The unsealed documents are at their most revelatory when it comes to Gubarev’s relationship with one of his allegedly criminal clients, Aleksandr Zhukov. The 38-year-old native of St. Petersburg, Russia, is in a federal detention center in Brooklyn awaiting trial on four counts of wire fraud and money laundering, in part for allegedly masterminding the Methbot operation. For a time he was XBT’s biggest customer.
Methbot was an enterprising scam that used a fake internet advertising agency called MediaMethane to sell millions of dollars worth of video ad spots on premium content sites.
Instead of running the ads on sites like The New York Times and Fox, the crew used rented hosting in Dallas to operate its own private network of fake sites mimicking the real ones—and then ran the ads there. The audience for the ads were thousands of “consumers” who were actually sophisticated bots happy to watch 300 million video ads a day.
To make the bots look real to advertisers, the perpetrators leased over 800,000 IP addresses and then filed bogus information with internet registries to make them look like residential broadband providers in demographically desirable American neighborhoods.
A sizable portion of those fake Comcast, AT&T, and Cox Cable addresses were leased from XBT. The company says it thought they were being used for an advertising metrics business.
According to prosecutors, the Methbot scheme conned hundreds of brands and advertisers out of $7 million before it was exposed by a New York security company in December 2016. The unsealed documents show XBT was paid millions. In the scam’s final month alone, XBT was paid $400,000, according to internal financial reports, accounting for 7 percent of the company’s earnings that month.
The unsealed documents show that when Methbot was exposed, XBT was worried it would be swept into a press storm at a time when Russian hackers were getting a lot of attention. Gubarev hired an American PR crisis manager who boasted of once repping accused mega-pirate Kim DotCom. In a series of emails, his chief operating office, Nick Dvas, urged the PR consultant to handle reporters with care.
“Please, be very careful with Mr. Krebs,” Dvas wrote in one email, referring to independent security journalist Brian Krebs. “He has been performing lots of research in connection with cybercrime originating from Russia, and he might jump to some sort of unnecessary conclusions.”
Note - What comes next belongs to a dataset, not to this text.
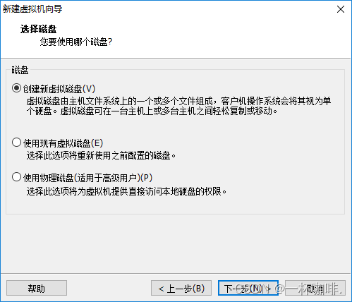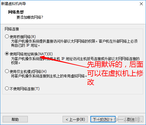 注:NAT网络地址转换,这种方式的会在宿主机创建一个虚拟NAT设备,虚拟机通过虚拟NAT设备使用宿主机的网络地址连接互联网。优点是连接互联网简单不用另外配置。

In another message to the PR consultant, Gubarev admitted to direct dealings with Zhukov. “We know him personally many years,” he wrote. “We was [sic] under impression that it is a big data analytics system for ad networks as per his explanation.”
Despite the close and lucrative relationship, XBT evidently kept scant documentation pertaining to its biggest customer, according to a filing by BuzzFeed’s lawyers. “Their internal records consist of a credit card check with a ‘tolerance threshold’ of $1,000 and notations regarding multiple Russian names and e-mail addresses they are unable to identify,” read the filing. “And though he was supposedly a client for more than a year who personally visited them several times, they have not produced a single actual e-mail, message or other communication from Zhukov.”
In the end, the evidence knocked loose by Gubarev’s lawsuit doesn’t tie him in any meaningful way to Russiagate. But it does show that his company, perhaps innocently, was paid a lot of money as part of an epic Russian cybercrime caper that’s now headed toward a federal trial in New York. That’s the kind of publicity that money can’t buy.